» YOUR GOAL:
The entries shown here must be retyped in full, with no pictures included.

-------- SUPPLIED RECORDS --------

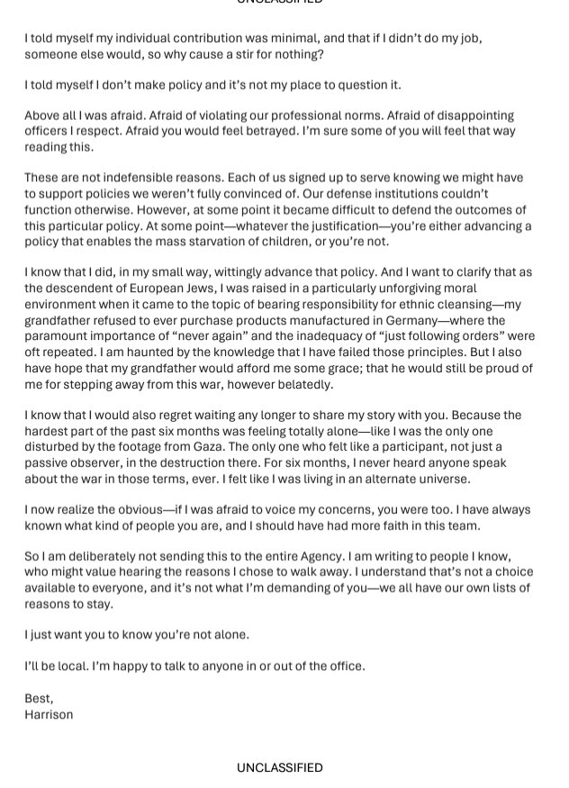 美国陆军情报分析官员Harrison Mann早在去年11月为抗议美国政府无条件支持以色列,不愿让自己成为杀害巴勒斯坦无辜平民的帮凶,愤而辞职。现在因为其辞职信被同事贴到网上,这事才被报道出来。在辞职信中他提到作为欧裔犹太人的后代,对种族清洗更难以容忍。 https://t.co/YPEpkE53Ap
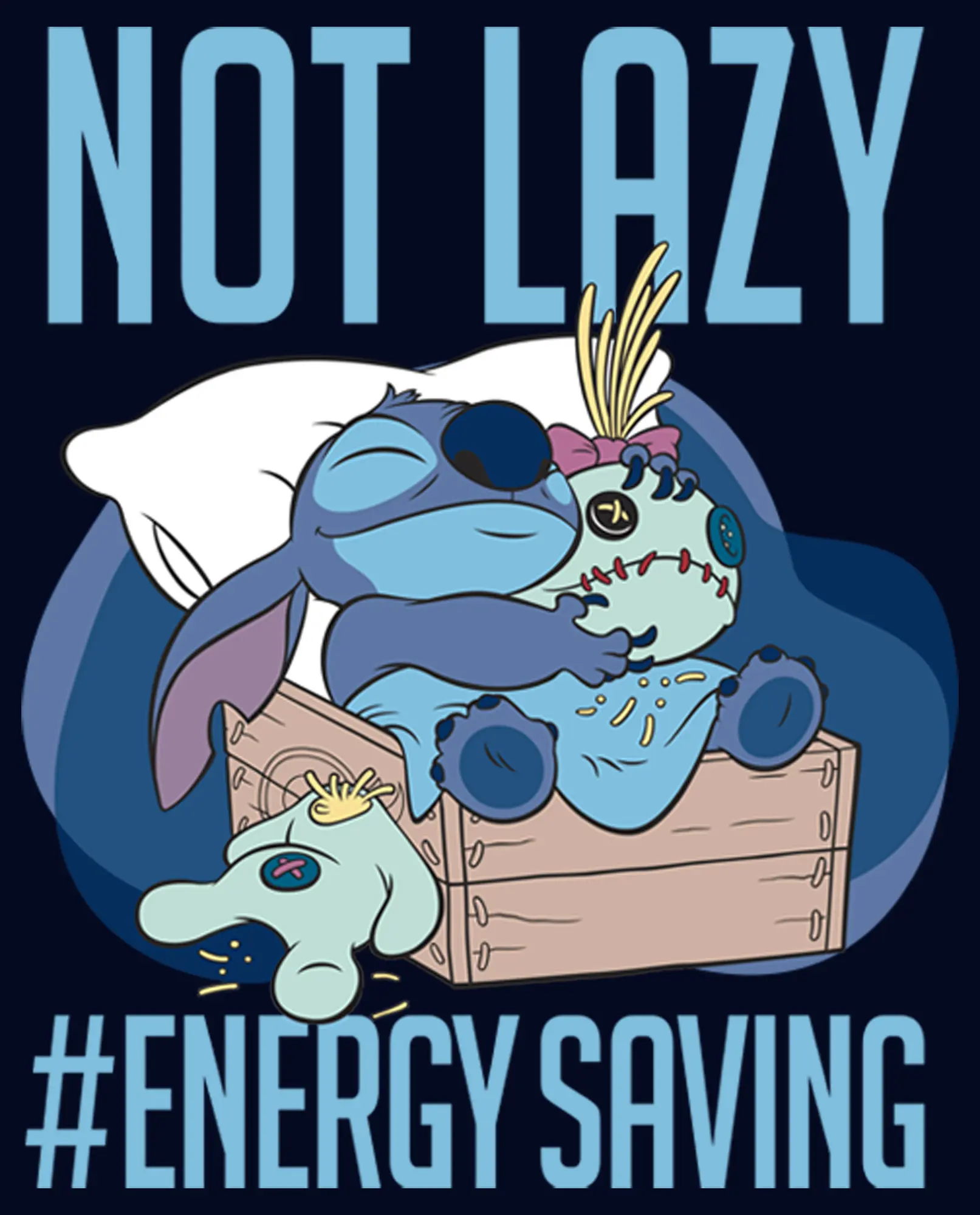 Junior's Lilo & Stitch Not Lazy, Saving Energy T-Shirt
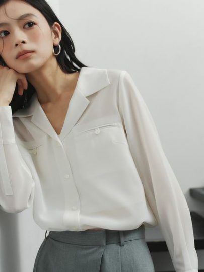 オフィスコーデには向かないと思われがちなシアーシャツですが、それも着こなし次第!透け感の強くない開衿タイプのシアーシャツできちんと感を出しましょう。
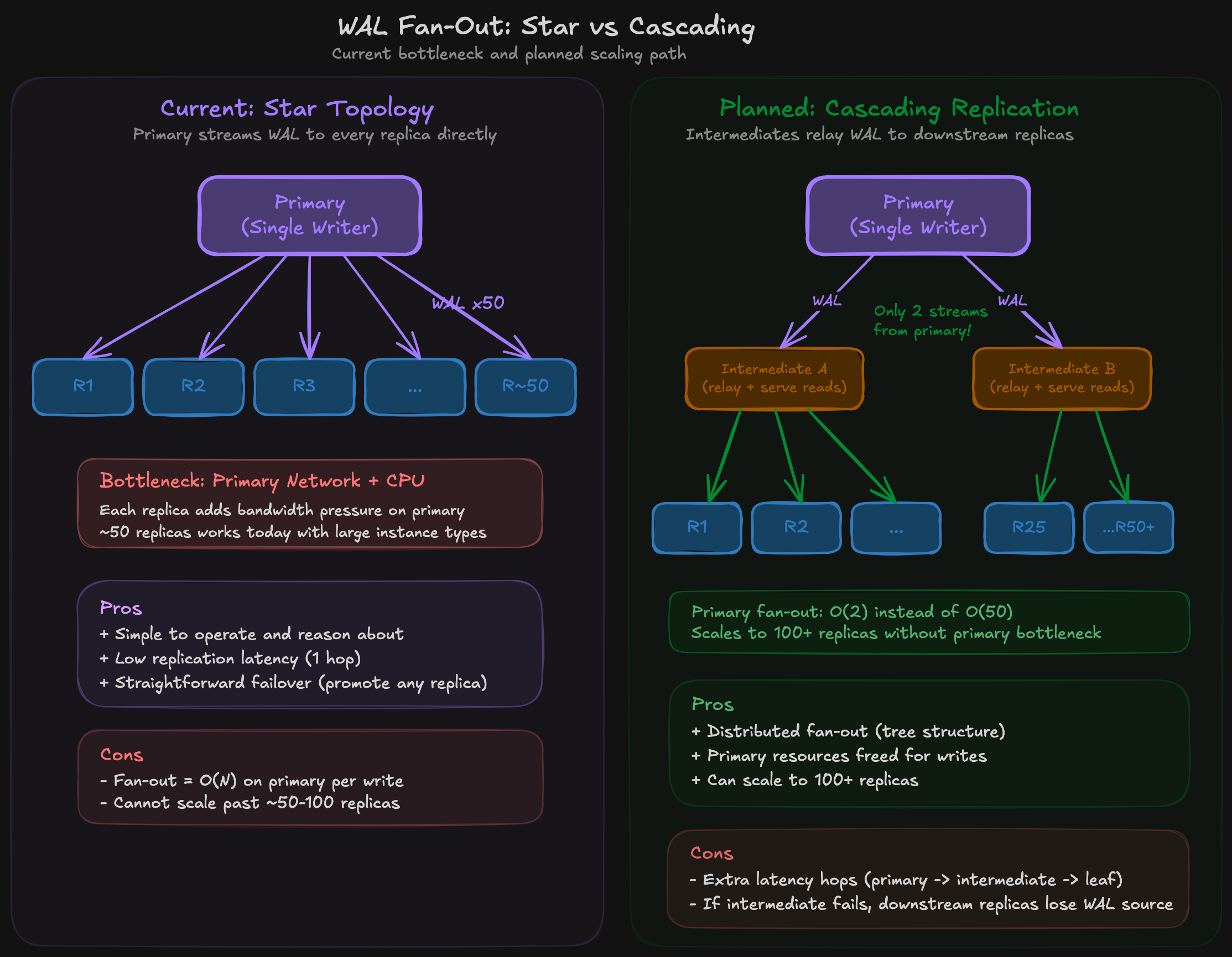 Star vs. cascading replication topologies for WAL fan-out. In the current star topology (left), the primary streams WAL directly to every replica, creating an O(N) network bottleneck. In the planned cascading topology (right), intermediate replicas relay WAL to downstream nodes, reducing the primary’s fan-out to O(2) and enabling 100+ replicas. The trade-off is added latency hops and more complex failover if an intermediate node fails.
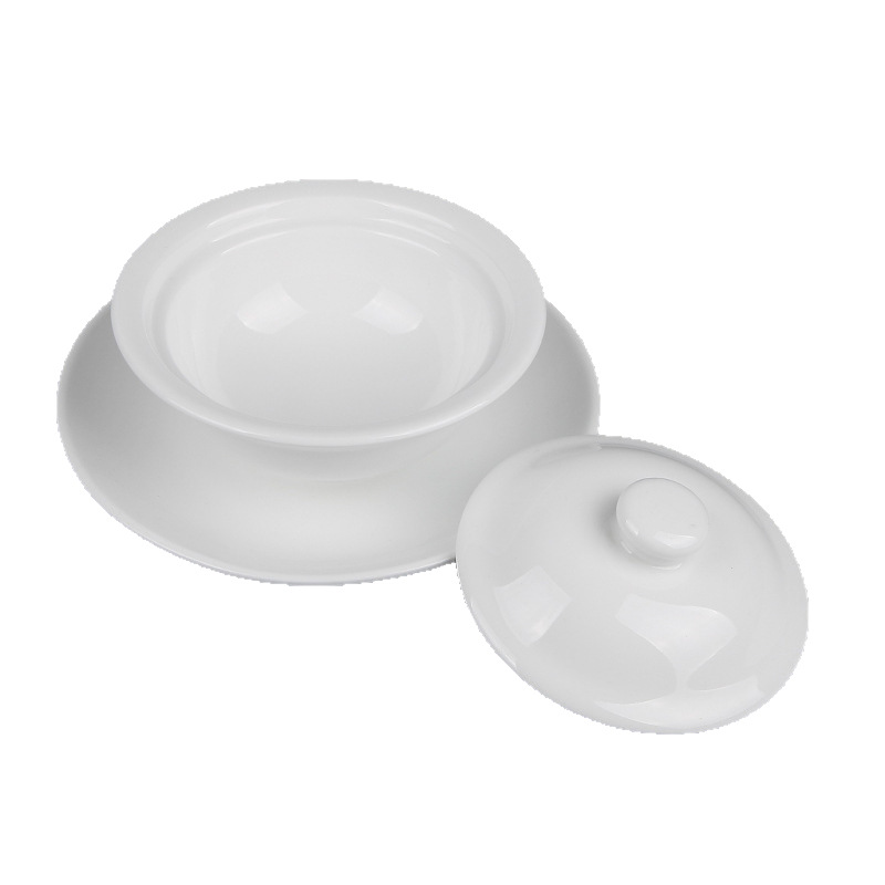 批发酒店后厨陶瓷 高脚燕窝盅三件套 陶瓷盅配底碟 鱼翅盅
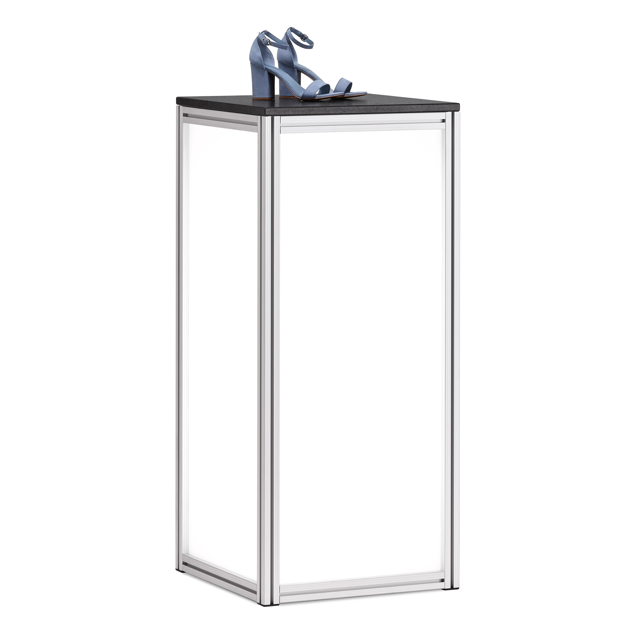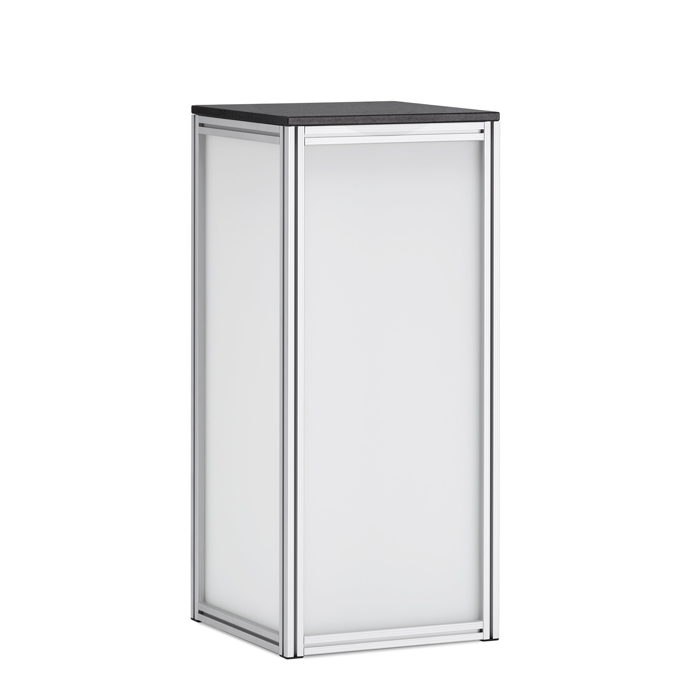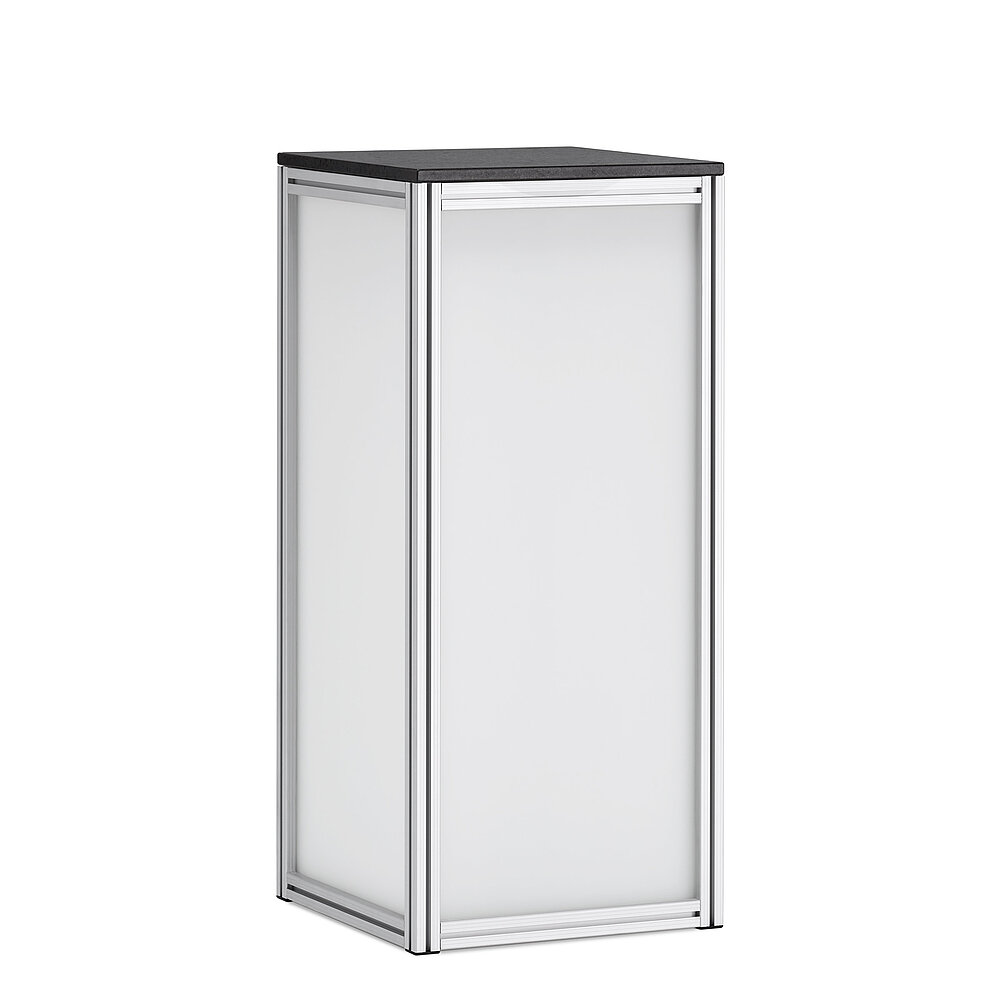 Mit einem umfangreichen Zubehörprogramm lassen sich Konstruktionsprofile aus Aluminium in vielen Kombinationen verwenden, wie hier exemplarisch in diesem Kundenprojekt eines von innen beleuchteten Messedisplays mit edler Natursteinplatte für den geschmackvollen Produktauftritt.
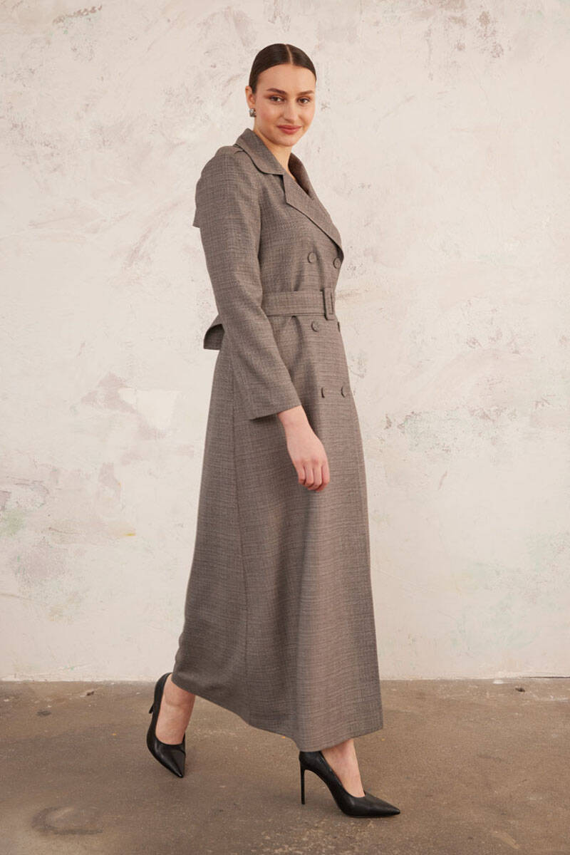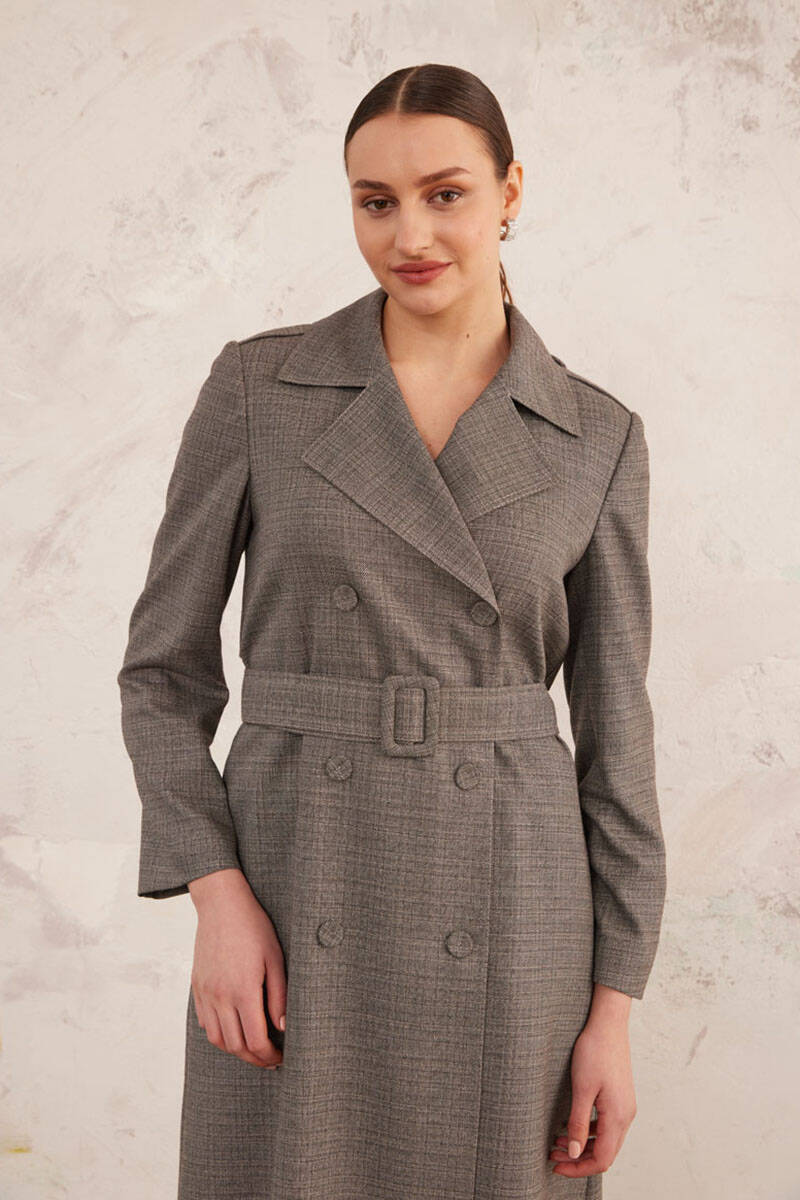 Bej Kruvaze Keten Pardösü

--------

» ANSWER:
 美国陆军情报分析官员Harrison Mann早在去年11月为抗议美国政府无条件支持以色列,不愿让自己成为杀害巴勒斯坦无辜平民的帮凶,愤而辞职。现在因为其辞职信被同事贴到网上,这事才被报道出来。在辞职信中他提到作为欧裔犹太人的后代,对种族清洗更难以容忍。 https://t.co/YPEpkE53Ap
 Junior's Lilo & Stitch Not Lazy, Saving Energy T-Shirt
 オフィスコーデには向かないと思われがちなシアーシャツですが、それも着こなし次第!透け感の強くない開衿タイプのシアーシャツできちんと感を出しましょう。
 Star vs. cascading replication topologies for WAL fan-out. In the current star topology (left), the primary streams WAL directly to every replica, creating an O(N) network bottleneck. In the planned cascading topology (right), intermediate replicas relay WAL to downstream nodes, reducing the primary’s fan-out to O(2) and enabling 100+ replicas. The trade-off is added latency hops and more complex failover if an intermediate node fails.
 批发酒店后厨陶瓷 高脚燕窝盅三件套 陶瓷盅配底碟 鱼翅盅
 Mit einem umfangreichen Zubehörprogramm lassen sich Konstruktionsprofile aus Aluminium in vielen Kombinationen verwenden, wie hier exemplarisch in diesem Kundenprojekt eines von innen beleuchteten Messedisplays mit edler Natursteinplatte für den geschmackvollen Produktauftritt.
 Bej Kruvaze Keten Pardösü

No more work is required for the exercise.